The Christian suspected the bearded man who fled intended to tear pages of the Quran in order to frame Christians for blasphemy. District Councilor Wazir Jacob arrived at the site and called police, and Sadar police station House Officer Chaudhry Zaka came soon after and seized the three Qurans.

Rakha said that police were asked to file a First Information Report on the incident, but the district police officer refused on grounds that it would create tensions in the area.

Tensions were simmering in St. Henry Colony in Lahore after an altercation over an inconveniently parked car led to a gang fight. Local Pastor Azam Anthony told Compass that on Aug. 6 a Muslim family parked a car close to the front of a house owned by Christians, and a Christian woman came out of the house and asked them to move as it hampered their ability to enter.

“At this the Muslim woman dragged her by her hair, and the Christian woman in her effort to release herself got hold of her shalwar [a garment like trousers],” Pastor Anthony said.
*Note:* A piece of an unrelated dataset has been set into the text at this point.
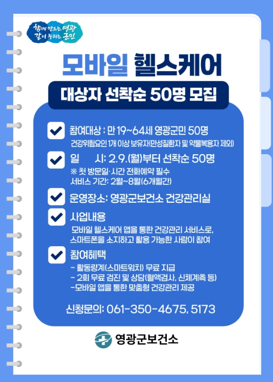 모집 대상은 혈압, 공복혈당, 허리둘레, 중성지방, HDL콜레스테롤 중 1개 이상 건강위험요인을 보유한 19세부터 64세까지의 영광군민이다.

A man with the Muslim woman grew furious and began beating the Christian woman, he said.

“The sight further incited Christian boys there who were watching this all going on,” he said. “They asked that man why did he beat a woman, and they beat the man.”

The Muslim man gathered other Muslims, along with a Muslim councilor of the area, and began fighting the Christian boys. Pastor Anthony said that before leaving, the Muslims said they would deal with the Christians after Friday prayers.
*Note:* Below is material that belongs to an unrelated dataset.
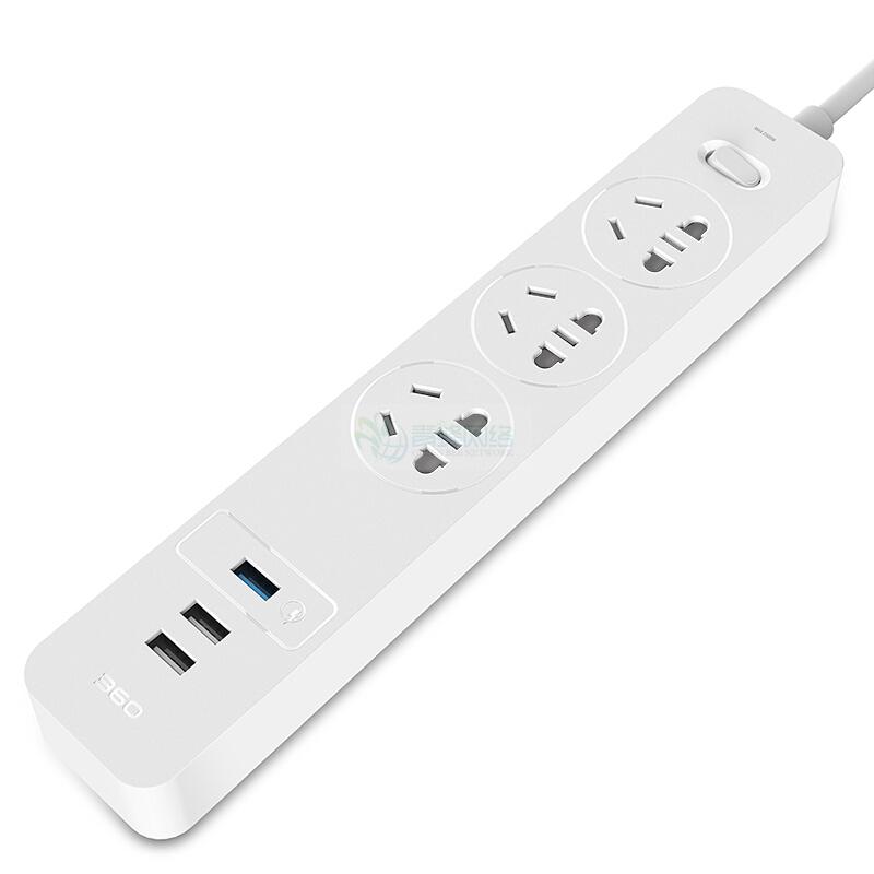 安全插线板 3USB快充接口+3插孔 8重安全防护插座/插排...

“That afternoon was quite tense, and Christians of the area had prepared themselves for another Gojra incident,” Pastor Anthony said. The timely intervention of Christian leaders and police has averted any further incidents – so far.

In the wake of the Gojra attack, Christians have deliberated whether to arm themselves so they can defend themselves against further attacks. One Christian, Naveed Masih, who fired into the air as the Islamist throng attacked, has been credited with reducing the number of casualties and damages. Dubbed Naveed the Soldier, he was the only man with a rifle when the mobs charged Gojra. Several Christian women had taken refuge in his house.

A Muslim association based in Gojra, the Muslim Mahaz Tanzeem for Peace, has since tried to blame Maish for setting off the violence and charged three priests and another Christian with providing him weapons. According to Asia News, the association has threatened another Islamist wave of violence unless the four Christians are arrested.

District Councilor Rakha said that since the attack, about 15 boys have been armed and trained to keep watch at night. Christians in other areas, such as Youhanabad and Bahar Colony in Lahore, told Compass that they would rather die defending themselves than be killed doing nothing.

Petition for Prosecution

In view of the increase in attacks against Christians in Pakistan, the American Center for Law and Justice (ACLJ) has filed a petition with the United Nations through its European body, the European Center for Law and Justice.

“We have expressed in the strongest terms possible that the Pakistani government must prosecute acts of violence based upon religion,” said Jay Sekulow, Chief Counsel of the ECLJ and the U.S.-based ACLJ. “Christians are being singled out and murdered because of their faith. Only when the Pakistani government effectively prosecutes those responsible for the acts of violence will attacks against Christians end.”

The “blasphemy laws” that encourage Muslim violence against Christians violate the principle of the universality of religious freedom to which Pakistan officially adheres, Sekulow said.

The ECLJ petition calls on Pakistan to prosecute deadly attacks on Christians, which have claimed the lives of at least 60 Christians in the past decade in at least 27 separate incidents of Muslim-on-Christian violence. The ECLJ filing states: “More than two decades of blasphemy laws have taught Pakistani Muslims that the punishment for allegedly insulting Islam is death. The Pakistani government must repeal or procedurally change blasphemy laws.”

Because Pakistan has proclaimed the Universal Declaration of Human Rights and the International Covenant on Civil and Political Rights in a resolution to the U.N. that it presented on behalf of the Organization of the Islamic Conference, it should abide by those terms for its own religious minorities, the ECLJ petition states.